The NCAA Division I FBS total offense leaders are career, single-season, and single-game leaders in total offense yards and touchdown responsibility. Both of these statistics are defined as the sum of passing and rushing yards or touchdowns, and do not include any receiving or returns stats. These lists are dominated by more recent players for several reasons:
 Since 1955, seasons have increased from 10 games to 11 and then 12 games in length.
 The NCAA didn't allow freshmen to play varsity football until 1972 (with the exception of the World War II years), allowing players to have four-year careers.
 Bowl games only began counting toward single-season and career statistics in 2002. This affects players such as Ty Detmer, though the vast majority of players on this list played after 2002 anyway.
 In recent decades, starting with the Southeastern Conference in 1992, FBS conferences have introduced their own championship games, which have always counted fully toward single-season and career statistics.
 The NCAA ruled that the 2020 season, heavily disrupted by COVID-19, would not count against the athletic eligibility of any football player.
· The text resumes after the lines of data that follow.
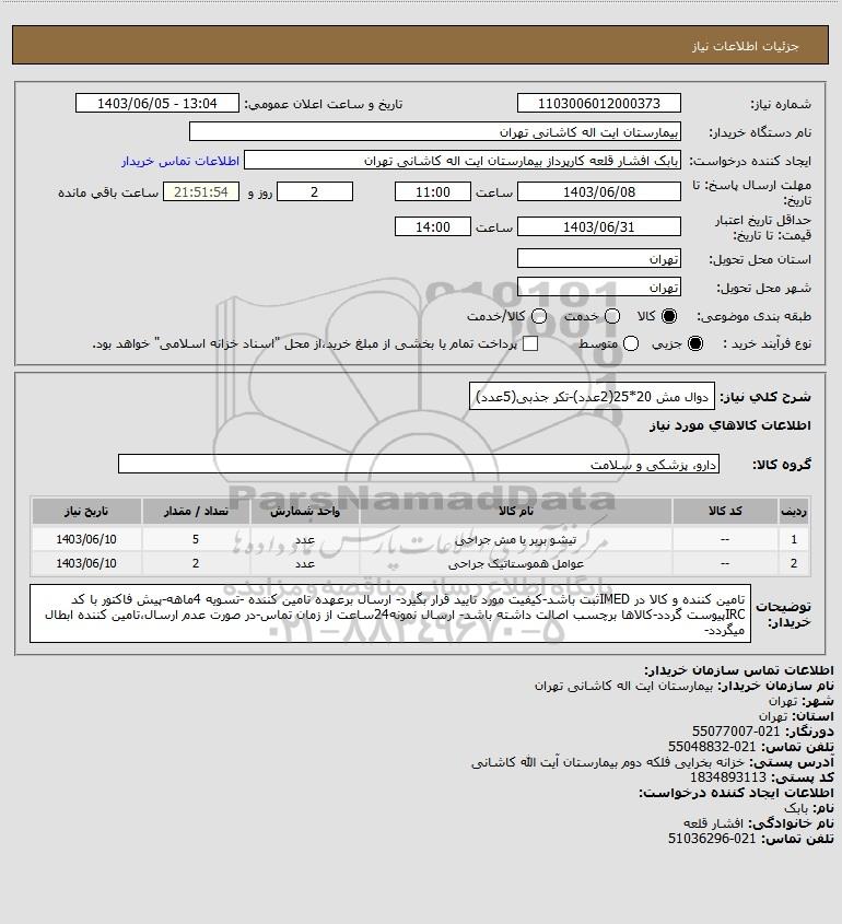 | 1 | -- | تیشو بریر یا مش جراحی | عدد | 5 | 1403/06/10 |
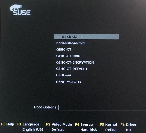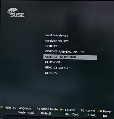 - As the Host Computer restarts, the boot process GUI appears. Select GEHC - CT-ENCRYPTION.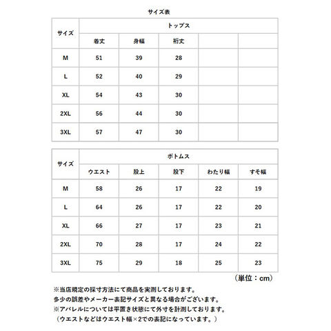 | サイズ | [レディース] ・Mサイズ ・Lサイズ ・XLサイズ ・2XLサイズ ・3XLサイズ ※サイズについて詳細は、商品画像の中にあるサイズ表をご覧くださいませ。 |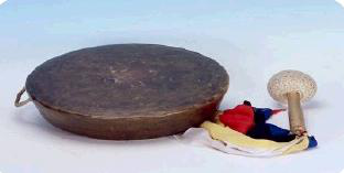 與小鑼相似但比小鑼要大,通常為面徑70CM,邊圈高10CM,邊穿小孔,用繩索固定。演奏時,左手提繩,右手拿錘演奏;盤坐演奏時大鑼懸掛在木架上,可以用手來控制音色,其聲音洪亮、粗獷。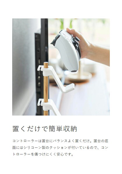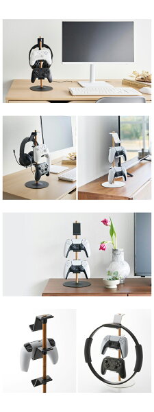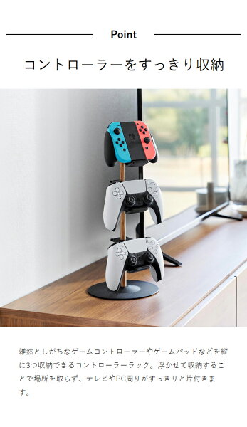 雑然としがちなゲームコントローラーやゲームパッドなどを縦に3つ収納できるコントローラーラック。浮かせて収納することで場所を取らず、テレビやPC周りがすっきりと片付きます。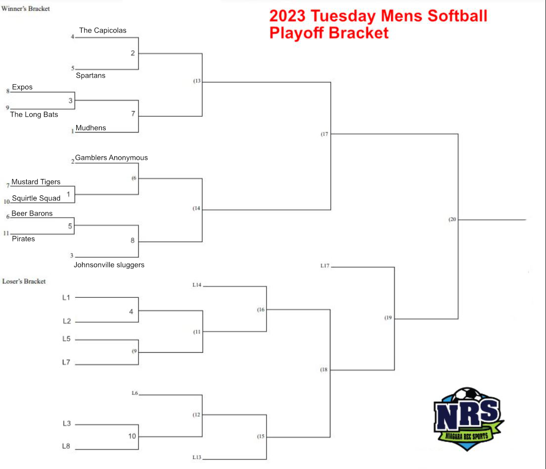 NRS 2023 Tuesday Mens Softball Playoff Bracket A Published September 2, 2023 at 1104 × 948 in Playoff Schedule Tuesday Evening Men’s Softball Regency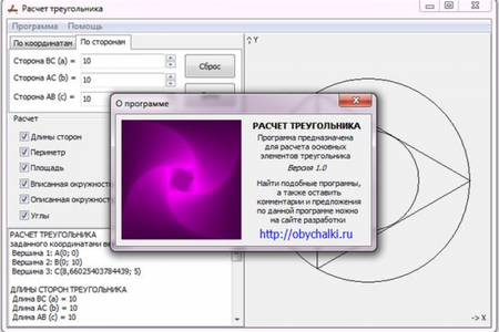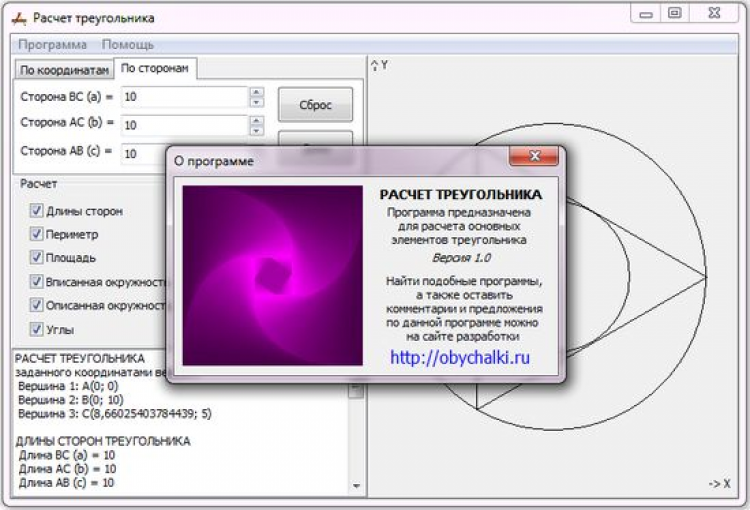 Расчет треугольника - это программа, которая может использоваться для расчета основных параметров треугольника по трем сторонам или углам. Строит схематичное отображение высот, медиан и др.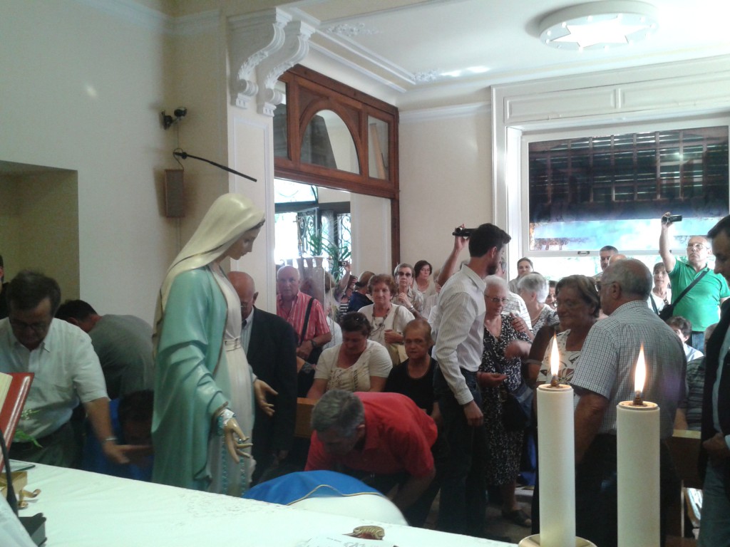 Per l’occasione tante persone si sono date appuntamento in villa Irma per salutare la statua che lasciava Arcellasco. Un lungo corteo di macchine, aperto e chiuso dai vigili di Erba e Albavilla, ha accompagnato poi la Madonnina nella sua nuova “casa”, in via Matteotti ad Albavilla. Lì la statua è stata accolta tra gli applausi e i canti e, dopo l’ingresso della Madonna, si è proceduto con l’inaugurazione della nuova sede di Radio Mater e la messa.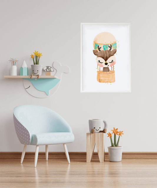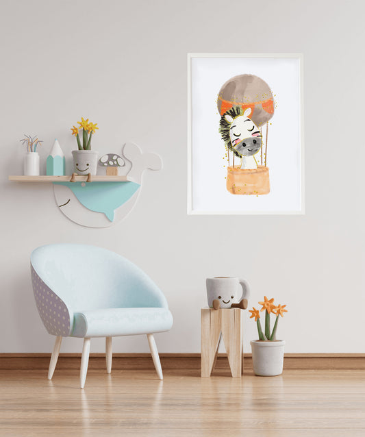Set 3 cuadros infantiles formado por cuadro cebra en globo: cuadro oso en globo y cuadro jiraba en globo

This gave every player active in that season the opportunity for five years of eligibility instead of the normal four.

Only seasons in which a team was considered to be a part of the Football Bowl Subdivision are included in these lists. Players such as Taylor Heinicke and Chad Pennington played for teams who reclassified to the FBS during their careers, and only their stats from the FBS years are eligible for inclusion. All records are current as of the end of the 2022 season.

Total offense yards
The career leader in total offense yards is Houston's Case Keenum. Keenum was granted a fifth year of eligibility after being injured in Houston's third game in 2010 but he would still top the list by nearly 2,500 yards if 2010 were not included. The second player on the list, Hawaii's Timmy Chang, also had a fifth season after being granted a medical redshirt after being injured in 2001. Chang broke the record previously held by BYU's Ty Detmer, who is the only player in the top 30 whose entire college career was in the 20th century. Two other players in the top 30, Chang and Philip Rivers of NC State, played their first college seasons in 2000, which depending on definitions is part of either the 20th or 21st century.

The single-season leader in passing yards is Joe Burrow, who is the only player to ever top 6,000 yards of total offense in a single season. Burrow's yards came in 15 games, while second place Bailey Zappe's yards came in 14 games, and third place B. J. Symons's yards came in just 13 games. Symons held the single-season record for 16 years after breaking the record previously set by Houston's David Klingler in 1990.

The single-game record belongs to Patrick Mahomes, whose 819 yards came in a 2016 loss.

While these lists have many of the same players as the passing leaders list, the player with the most career yards without appearing on the passing yards list is Nevada's Colin Kaepernick, whose 4,112 rushing yards gets him on the list, even as his 10,098 career passing yards ranks outside the top 100. Similarly, Louisville's Lamar Jackson's 2017 season ranks outside the top 100 in passing yards, but his 1,601 rushing yards bring him into the list. Although players of any position are eligible for inclusion, all players on all three lists are quarterbacks, as the rushing leaders on the career, single-season, and single-game lists of 6,405, 2,628, and 427 yards respectively, are significantly below the 30th ranked players on the lists below.

Touchdowns responsible for
Keenum also leads the touchdown list, with 155 passing and 23 rushing touchdowns over his 5-year career. He is followed by Baker Mayfield. The single-season record is shared by Burrow and Zappe, and Klingler holds the single game record with 11.

Similar to the yards list, every player in the career and single-season list is a quarterback, including Navy's Keenan Reynolds, whose career included 88 rushing touchdowns and 31 passing touchdowns. However, the single-game list does include two running backs, Howard Griffith and Jaret Patterson, who each had games with 8 rushing touchdowns.